Una vez más el Instituto Federal Electoral (IFE) se halla sujeto a la presión de sus propios conflictos internos. El máximo organismo electoral pasó con éxito indiscutible la dura prueba de las elecciones de julio de 1997, pero desde entonces sufre una larga (y a veces incomprensible) confrontación interna. Para algunos expertos en estos temas el origen de los problemas está en el mismo ``diseño'' de la ley que deja en la indefinición cuestiones de vital importancia.
Pero esa explicación es insuficiente, pues hay asuntos que no pueden prestarse a ninguna clase de especulación y, sin embargo, son fuente de inestabilidad. Una de éstas, acaso la de mayor trascendencia, es la decisión que permitió crear al IFE como un organismo autónomo, dispuesto por ley a ejercer su delicada función con absoluta independencia.
Tal independencia se concreta de manera explícita en un hecho singular: el gobierno está al margen del instituto. Los partidos, que son los sujetos de la democracia, gozan de amplias y consistentes prerrogativas que deben ser atendidas diligentemente por la institución, tienen voz en el Consejo General, pero carecen de voto en ese órgano directivo.
No es éste un hecho gratuito.
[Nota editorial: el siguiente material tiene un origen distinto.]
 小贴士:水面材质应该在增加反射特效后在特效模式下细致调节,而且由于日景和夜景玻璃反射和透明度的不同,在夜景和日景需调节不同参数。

Los propios partidos que negociaron y aprobaron la ley, vieron con absoluta claridad que la condición para la sana existencia del IFE como un órgano confiable era garantizar su obligada neutralidad ante las vicisitudes de la política concreta, absteniéndose en todo y por todo de tomar partido en aquello que divide, legítimamente, a la sociedad.
Puesto que la actividad electoral supone, justamente, una confrontación regulada por la ley para obtener los votos ciudadanos, la responsabilidad de la institución encargada de garantizar los comicios solamente puede y debe concebirse como una función profesional, desvinculada de cualquier compromiso partidista. Esa es, en definitiva, la esencia de la llamada ``ciudanización'' del Instituto.
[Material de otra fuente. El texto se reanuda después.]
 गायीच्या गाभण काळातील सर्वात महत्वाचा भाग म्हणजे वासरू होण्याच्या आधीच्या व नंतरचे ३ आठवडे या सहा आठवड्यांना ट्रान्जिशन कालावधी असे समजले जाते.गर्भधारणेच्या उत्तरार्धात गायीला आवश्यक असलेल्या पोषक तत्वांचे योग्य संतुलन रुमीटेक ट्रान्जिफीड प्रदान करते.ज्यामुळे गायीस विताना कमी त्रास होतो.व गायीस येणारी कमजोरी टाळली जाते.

En tal esquema los consejeros electorales, que constituyen el Consejo General (los únicos con voz y voto), son los depositarios de la autonomía del IFE. Elegidos por su capacidad profesional y su reconocida honorabilidad, ninguno de los consejeros es, por supuesto, un ciudadano ``puro'', totalmente neutro, despojado de ideas, afinidades o intereses políticos. Cada cual tiene una historia personal, relaciones, amistades y hasta compromisos que son evaluados con rigor a la hora de ser nombrados con la confianza obligada de todos los partidos. Por fortuna nadie les pide a los integrantes del IFE que sean vírgenes vestales de la política. Pero una vez que asumen sus funciones, fobias y filias personales, afinidades partidaristas han de quedarse en casa a fin de cumplir profesionalmente con la ley. Ese es, en consecuencia, un principio aplicable a todos los integrantes de la institución.
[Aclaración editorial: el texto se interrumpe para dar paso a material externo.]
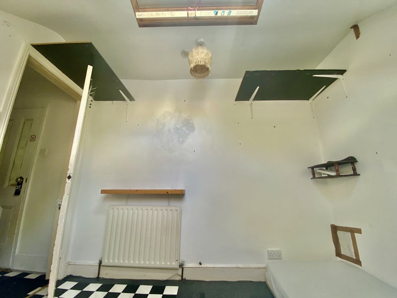The single room features an open wardrobe, a personal fridge in the kitchen, a bed with two mattresses, a built-in desk with a chair, and plenty of shelves for storage. Additionally, there is a large loft storage area and a skylight window with a blind. The shared areas include a bathroom/shower, kitchen, and an outside patio. The double room is furnished with a personal bar fridge, an open wardrobe, a double sleeper couch bed with storage drawers, a chest of drawers, built-in shelves, two desks with chairs, and offers beautiful views of Brighton and the ocean.
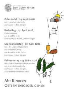 Am Karfreitag gibt es, zusätzlich zu den Gottesdiensten (Kinderkreuzweg, Betstunde, Karfreitagsliturgie, Karmette) in allen Kirchen die Möglichkeit zur Kreuzverehrung. Sie können dies in der Kirche St. Kolumban in Wendlingen und der Thomas Morus Kirche in Unterensingen ab 16 Uhr, im Anschluss an die Karliturgie, wahrnehmen; in der Kirche zur Allerheiligsten Dreifaltigkeit in Oberboihingen und der Kirche Zum Guten Hirten in Köngen im Zeitraum von 15 – 18 Uhr.
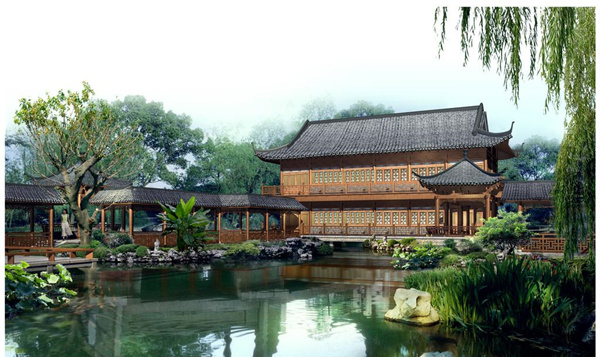 (2)尊重自然,追求天人合一的藝術(shù)效果。中國(guó)傳統(tǒng)園林設(shè)計(jì)思想的根本特征是“自然”,諸如“有若自然”、 “妙在自然”、 “宛若自然”之吾,和傳統(tǒng)繪畫(huà)藝術(shù)一樣,中國(guó)古典園林也是要求“外師造化,中得心源”,力求營(yíng)造出人與自然和諧共處的園林景致。

La necesidad de generar confianza en las decisiones del Consejo General es a tal punto importante que no puede dar lugar a la más mínima sombra de chalaneo con su independencia. Y, sin embargo, por desgracia ocurre. El debate interno para elegir al nuevo secretario ejecutivo se convirtió en un nuevo capítulo de la ``partidización'' del IFE. Una consulta requerida por los mismos consejeros se convierte, gracias a la dinámica perversa que se ha instalado allí, en un veto partidista al candidato propuesto por el consejero presidente en virtud, se arguye, de la ``división'' de los consejeros. ¿Dónde, cuándo y ante quiénes expusieron los consejeros esas objeciones? No se sabe, a menos que los partidos dispongan de una información privilegiada que, hasta hoy, no se ha ofrecido en las instancias correspondientes del IFE.
Este nuevo affaire tiene una importancia capital para la credibilidad del IFE con vistas al año 2000. ¿Puede alguien suponer lo que significaría un IFE dividido a partes iguales entre los partidos que compiten por el poder? No quiero imaginármelo.